А перед началом постукивателя просят предсказать: сколько песен из загаданных, по его ощущению, слушатель опознает? Постукиватели бодро отвечали: ну, половину где-то точно.

Угадали слушатели два с половиной процента.

— Сколько?!

Два с половиной. На сотню с лишним простуканных мелодий — три попадания. Притом что сами стучавшие ждали пятьдесят процентов. Промахнулись в двадцать раз — и не в свою пользу.

— Почему такая пропасть? Они же стучат одну и ту же песню.

Вот именно поэтому. Постукиватель, выбивая ритм, физически не может не слышать мелодию у себя в черепе — целиком, с оркестром, со словами, с подпевкой.
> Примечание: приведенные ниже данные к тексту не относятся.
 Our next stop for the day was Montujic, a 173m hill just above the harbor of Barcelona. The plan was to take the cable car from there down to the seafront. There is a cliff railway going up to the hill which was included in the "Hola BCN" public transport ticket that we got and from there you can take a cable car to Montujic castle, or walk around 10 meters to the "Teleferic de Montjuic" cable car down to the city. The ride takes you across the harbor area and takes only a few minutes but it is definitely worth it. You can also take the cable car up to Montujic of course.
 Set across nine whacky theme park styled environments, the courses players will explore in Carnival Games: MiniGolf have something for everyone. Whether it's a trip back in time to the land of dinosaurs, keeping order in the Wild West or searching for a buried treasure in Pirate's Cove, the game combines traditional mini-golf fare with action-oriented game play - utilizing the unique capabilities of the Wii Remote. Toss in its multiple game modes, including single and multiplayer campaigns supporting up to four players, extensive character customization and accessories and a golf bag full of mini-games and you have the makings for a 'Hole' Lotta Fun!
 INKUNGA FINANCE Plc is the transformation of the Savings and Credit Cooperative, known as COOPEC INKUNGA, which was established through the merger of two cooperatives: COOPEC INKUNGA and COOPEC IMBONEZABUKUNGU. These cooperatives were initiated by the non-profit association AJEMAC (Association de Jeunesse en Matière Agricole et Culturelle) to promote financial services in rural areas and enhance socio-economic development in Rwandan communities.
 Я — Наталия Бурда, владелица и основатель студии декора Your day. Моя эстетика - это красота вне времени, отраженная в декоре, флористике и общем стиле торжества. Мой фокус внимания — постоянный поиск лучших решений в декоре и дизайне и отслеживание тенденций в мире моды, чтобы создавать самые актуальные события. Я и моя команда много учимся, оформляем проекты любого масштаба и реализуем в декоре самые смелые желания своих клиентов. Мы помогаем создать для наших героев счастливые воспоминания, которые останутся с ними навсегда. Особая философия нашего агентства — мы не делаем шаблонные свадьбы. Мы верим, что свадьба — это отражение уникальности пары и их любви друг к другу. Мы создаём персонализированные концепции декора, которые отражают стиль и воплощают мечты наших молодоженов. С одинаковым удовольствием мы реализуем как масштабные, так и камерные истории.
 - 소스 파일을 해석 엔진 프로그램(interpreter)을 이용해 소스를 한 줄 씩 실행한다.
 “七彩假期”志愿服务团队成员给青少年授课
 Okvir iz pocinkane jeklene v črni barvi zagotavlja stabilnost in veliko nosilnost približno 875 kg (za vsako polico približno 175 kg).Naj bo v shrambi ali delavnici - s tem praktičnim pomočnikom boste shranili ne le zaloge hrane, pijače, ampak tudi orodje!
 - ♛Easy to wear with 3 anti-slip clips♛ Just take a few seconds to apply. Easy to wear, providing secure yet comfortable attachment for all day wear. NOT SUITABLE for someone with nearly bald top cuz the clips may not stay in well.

Для него «тук-тук-тук по столу» звучит как полноценный хит. А слушателю достаётся голая морзянка. Сухие щелчки без музыки. Тот, кто знает мелодию, искренне не способен вообразить, каково это — её не знать. Учёные назвали эту ловушку «проклятием знания». Знаешь что-то — и уже не можешь натянуть на себя шкуру человека, который этого не знает.

— Погоди. Это же ровно твои дипломаты.

Это в точности мои дипломаты. Каждый из них выстукивал свою мелодию по столу переговоров, твёрдо слыша её у себя в голове во всей полноте, — и был свято уверен, что собеседник слышит тот же мотив. А собеседник ловил морзянку и подставлял свою песню. Два с половиной процента против ожидаемых пятидесяти — это и есть точная, лабораторная мера ложного согласия. Мера той бездны между «я уверен, что донёс» и «до тебя дошло».

И — раз уж мы с тобой всю дорогу поминаем мастеров слова — добавлю шпильку для своих. Один очень уважаемый профессор, из тех, кого я почитаю за чистоту слога, считает это самое «проклятие знания» главной причиной, по которой учёные пишут так, что их невозможно читать. Эксперт знает предмет настолько, что забыл, каково не знать, — и лупит морзянкой по бумаге, искренне полагая, что играет симфонию. (Кто ставил опыт, в каком году и где про это прочитать — в приложении к главе; не будем мельчить страницу циферками.)


А теперь убери Токио. Убери Вашингтон, текстиль, секундомер и Стэнфорд. Что останется?

Останется любая, совершенно любая пара людей, говорящих будто бы на одном языке. «Да-да, конечно, сделаем» из уст подрядчика. «Я подумаю» в ответ на предложение руки и сердца. «Отлично, договорились» в конце совещания, с которого десять взрослых человек расходятся, унося десять взаимоисключающих представлений о том, кто, что и к какому сроку теперь обязан. Слова безупречны. Рукопожатия крепки. Лампочка не мигает. А под словами — десять несовпадающих инструкций, и ни одна, ни единая не проверена, потому что проверять очевидное взрослому человеку как-то неловко. Будто в дурака записывают.

Настоящий враг понимания — вовсе не темнота. В темноте мы хоть фонарик достаём, хоть руками шарим, хоть аукаем. Темноты мы боимся правильно. Настоящий враг — гладкая, тёплая, уверенная ясность, под которой никто так и не удосужился задать один простой вопрос: а мы точно про одно и то же?

— Знаешь, что меня по-настоящему злит в этой главе?

Что?

— Что ты вот прямо сейчас опять кивнул сам себе. Решил, что я тебя понял. А выстукивал ты при этом свою мелодию или мою — ты проверил?

…Не проверил.

— Вот. Два с половиной процента, дружище. Спрашивай. Каждый раз, каждый божий раз — спрашивай.